Detecting duplicate audio files

Question

I have snippets of audio that are almost the same that I want to group together (samples 5 and 3 below). There are other portions that are similar, but differ (3 and 4, there is a double drum hit at the end for 3) and completely different ones (sample 8).

How can I group together samples that are almost the same? I tried taking the difference (attempting to minimize it), but that does not work since they are not aligned. I also tried to take audio features like pitch distribution, but since the sounds are similar in pitch those don't get separated well.

The files are available here: https://drive.google.com/drive/folders/14UQQDfIBUNRO_1Pv8bkPf9noi86M7lKd

Answer 1

Here's something that appears to work for the data you are using but may (likely does) have weaknesses when it comes to other data or other sorts of data.
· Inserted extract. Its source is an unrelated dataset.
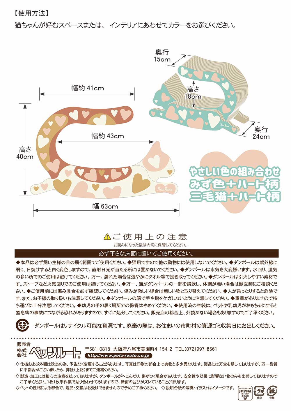 【使用上の注意】●本品は猫用ですので他のペットにはご使用しないでください。●爪みがき以外の用途ではご使用しないでください。●本品の切り口等で手や指を傷付けないよう注意してください。●本品は必ず人が見ている所でご使用してください。●直射日光・高温多湿の場所は変形・変色・カビ発生の原因となりますので避けてご使用してください。●火災・変形の恐れがありますので、火気のそばではご使用しないでください。●猫が本品の一部を誤飲した場合は獣医師にご相談ください。●ご使用前には傷み具合を必ず確認してください。傷みが激しい場合はご使用しないでください。●上に物をのせたり人が乗ったりしないでください。小さいお子様がいらっしゃる場合は目の届く場所でご使用ください。●重量がありますので持ち運びに十分注意してください。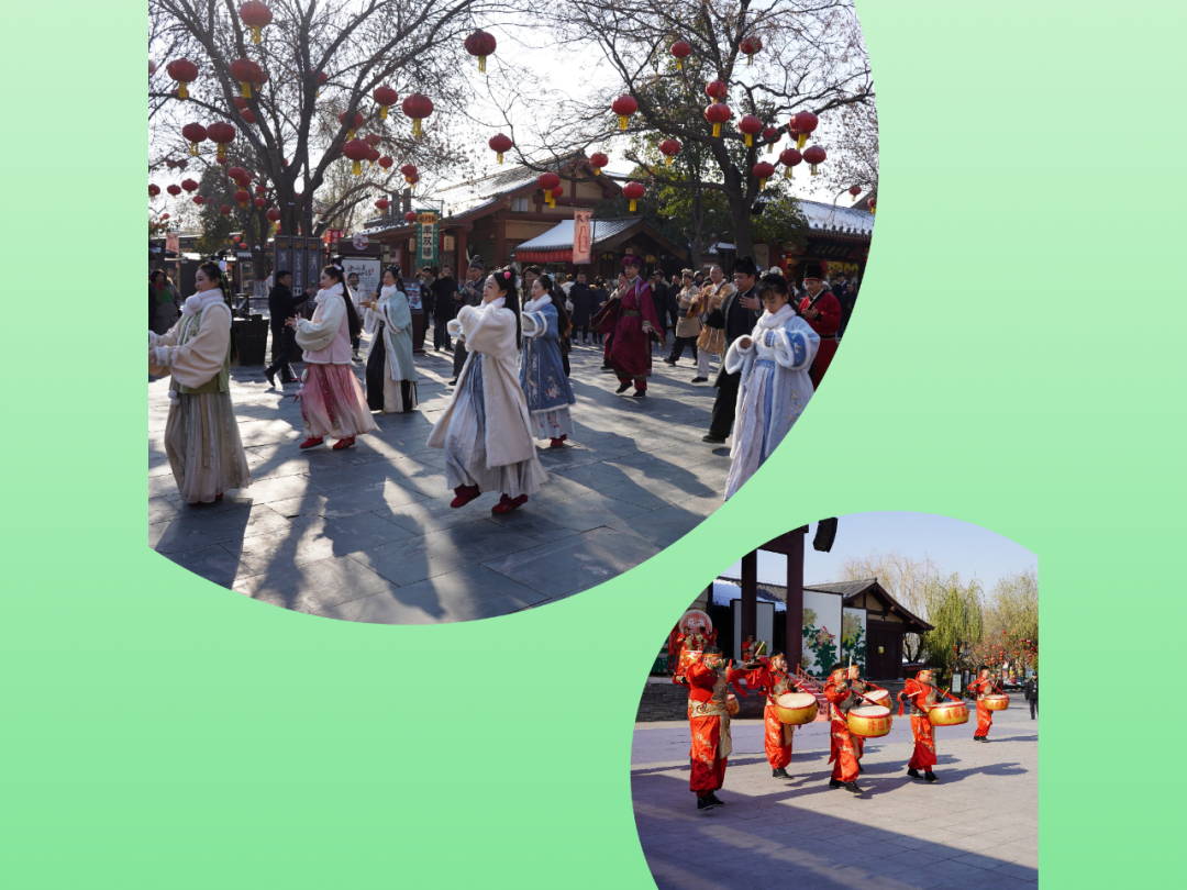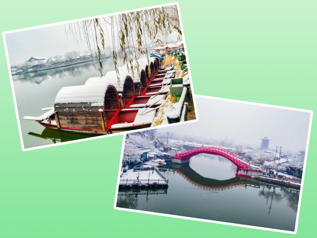一踏入清明上河园,仿佛立刻穿越到了那个繁华的宋朝。古色古香的建筑、栩栩如生的雕塑,以及精心布置的园林景观,每一处都令人惊叹不已。冬日时分,园内的植物依与白色的雪花相映成趣,更增添了几分韵味。

But maybe it will be helpful nonetheless.

The basic idea of this solution is to compute the MFCCs of each of the samples to get feature vectors and then find a distance (here just using basic Euclidean distance) between those feature sets with the assumption (which seems to be true for your data) that the least similar samples will have a large distance and the closest will have the least. Here's the code:

import librosa
import scipy
import matplotlib.pyplot as plt

sample3, rate = librosa.load('sample3.wav', sr=None)
sample4, rate = librosa.load('sample4.wav', sr=None)
sample5, rate = librosa.load('sample5.wav', sr=None)
sample8, rate = librosa.load('sample8.wav', sr=None)

# cut the longer sounds to same length as the shortest
len5 = len(sample5)
sample3 = sample3[:len5]
sample4 = sample4[:len5]
sample8 = sample8[:len5]

mf3 = librosa.feature.mfcc(sample3, sr=rate)
mf4 = librosa.feature.mfcc(sample4, sr=rate)
mf5 = librosa.feature.mfcc(sample5, sr=rate)
mf8 = librosa.feature.mfcc(sample8, sr=rate)

# average across the frames. dubious?
amf3 = mf3.mean(axis=0)
amf4 = mf4.mean(axis=0)
amf5 = mf5.mean(axis=0)
amf8 = mf8.mean(axis=0)

f_list = [amf3, amf4, amf5, amf8]

results = []
for i, features_a in enumerate(f_list):
    results.append([])
    for features_b in f_list:
        result = scipy.spatial.distance.euclidean(features_a,
                                                  features_b)
        results[i].append(result)

plt.ion()
fig, ax = plt.subplots()

ax.imshow(results, cmap='gray_r', interpolation='nearest')

spots = [0, 1, 2, 3]
labels = ['s3', 's4', 's5', 's8']
ax.set_xticks(spots)
ax.set_xticklabels(labels)
ax.set_yticks(spots)
ax.set_yticklabels(labels)

The code plots a heatmap of the distances across all the samples. The code is lazy so it both re-computes the elements that are symmetric across the diagonal, which are the same, and the diagonal itself (which should be zero distance) but those are sort of sanity checks as it is nice to see white down the diagonal and that the matrix is symmetric.

The real information is that clip 8 is black against all the other clips (i.e. furthest from them) and clip 3 and clip 5 are the least distant from one another.

This basic idea could be done with a feature vector generated in a different sort of way (e.g. instead of MFCCs, you could use the embeddings from something like YAMNet) or with a different way of finding a distance between the feature vectors.

For the grouping part of what you want to do, you could experimentally work out a threshold on the distance metric below which you would consider a clip to be in the same group as another. With more clips, you could compute all these distances and then hand that distance matrix over to a clustering algorithm (like HDBSCAN) to cluster the clips.